■ WORK TO BE COMPLETED
Could you please retype exactly the lines from the start of the records below through the line that contains "At red dot 12", both included, and leave out the pictures?

[Stored dataset items]
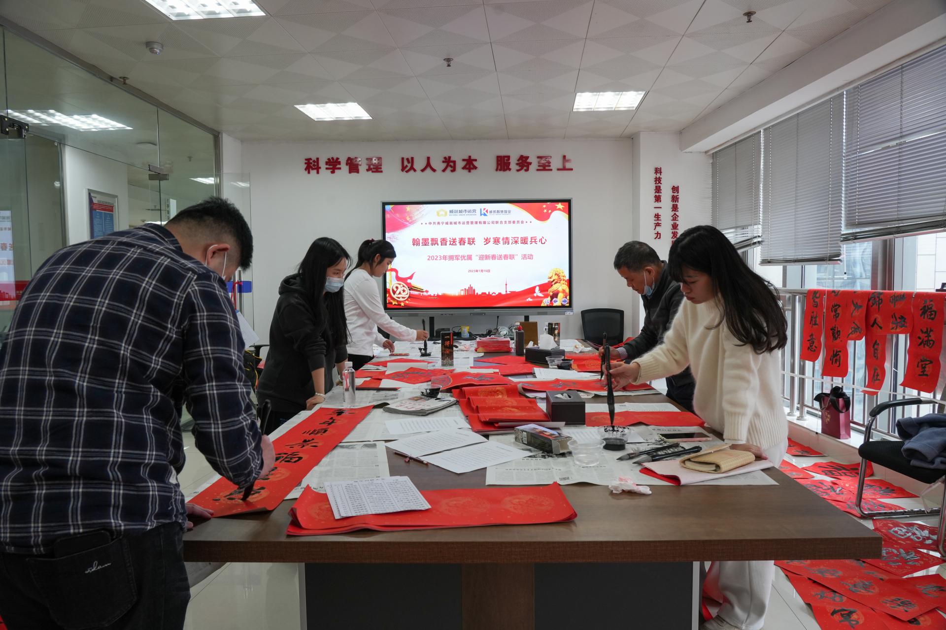 2023年癸卯兔年的脚步越来越近了。为了弘扬中华传统文化,增添公司新年氛围,1月16日威邕城市运营联合党支部、威邕公司工会组织了“墨香写福添喜气 挥毫筑梦新时代”写春联送福主题活动。活动组织公司党员职工、家属现场书写春联,为即将来临的春节增添了浓浓的喜庆氛围。活动现场,书法“达人”们铺开春联纸,沾满墨汁,一笔一画遒劲有力,一幅幅包含寓意的新年祝福跃然纸上。党员、职工有的帮忙铺纸、压...
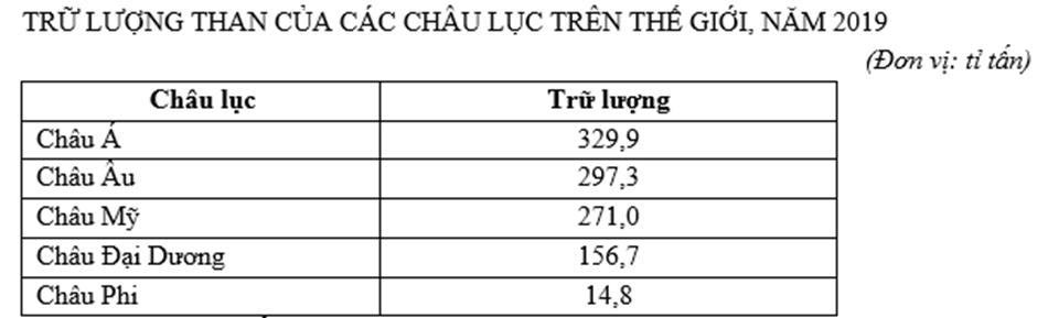 Căn cứ vào bảng số liệu trên, tính tổng trữ lượng than của các châu lục năm 2019. (làm tròn kết quả đến hàng đơn vị của tỉ tấn)
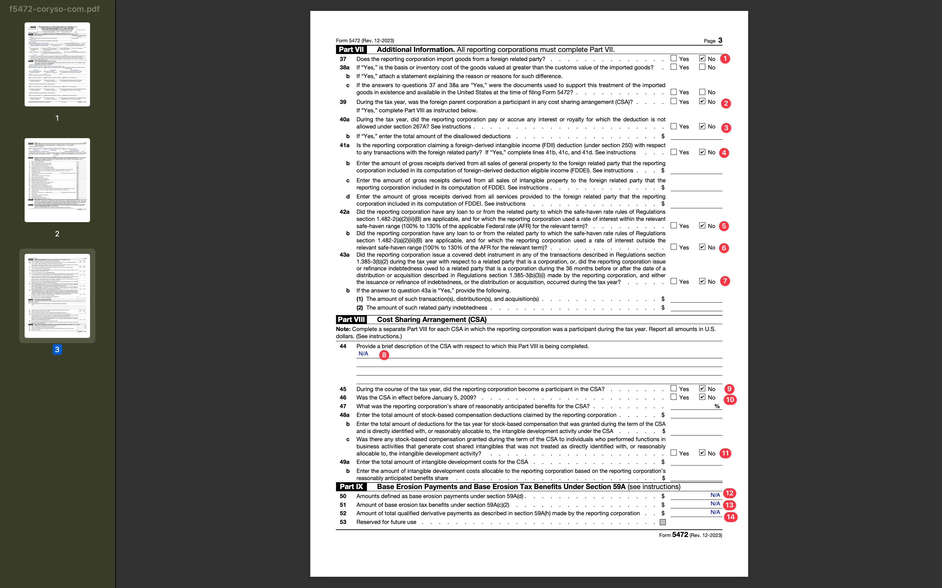 At red dot 12 (i.e., Part I 1j), check this box if it is the company’s first year filing Form 5472.
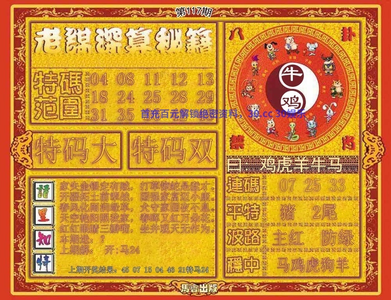 | 117期:平特一尾--《4444尾》--开:虎04准 |
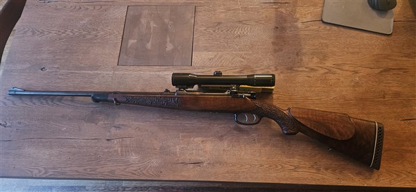 Stey Mannlicher Schönauer, Modell 1950 im Allroundkaliber 7 x 64. Die ideale rep. Büchse mit herorragender Schussleistung auf alles heimische Wild. Variables 1,5-6 x 42 Diavari D Glas von Hensoldt Wetzlar. Absehen vermutlich "8". Montiert mit einer 3 Punkt SEM. Die Holzklasse ist seinerzeit scheinbar eine etwas bessere gewählt worden. Am Pistolengriff, sowie am Vorderschaft zudem individuelle Eichenlaubdrechselei. Patronendeckelboden monogrammiert "HB".

■ PROBLEM SOLUTION
 2023年癸卯兔年的脚步越来越近了。为了弘扬中华传统文化,增添公司新年氛围,1月16日威邕城市运营联合党支部、威邕公司工会组织了“墨香写福添喜气 挥毫筑梦新时代”写春联送福主题活动。活动组织公司党员职工、家属现场书写春联,为即将来临的春节增添了浓浓的喜庆氛围。活动现场,书法“达人”们铺开春联纸,沾满墨汁,一笔一画遒劲有力,一幅幅包含寓意的新年祝福跃然纸上。党员、职工有的帮忙铺纸、压...
 Căn cứ vào bảng số liệu trên, tính tổng trữ lượng than của các châu lục năm 2019. (làm tròn kết quả đến hàng đơn vị của tỉ tấn)
 At red dot 12 (i.e., Part I 1j), check this box if it is the company’s first year filing Form 5472.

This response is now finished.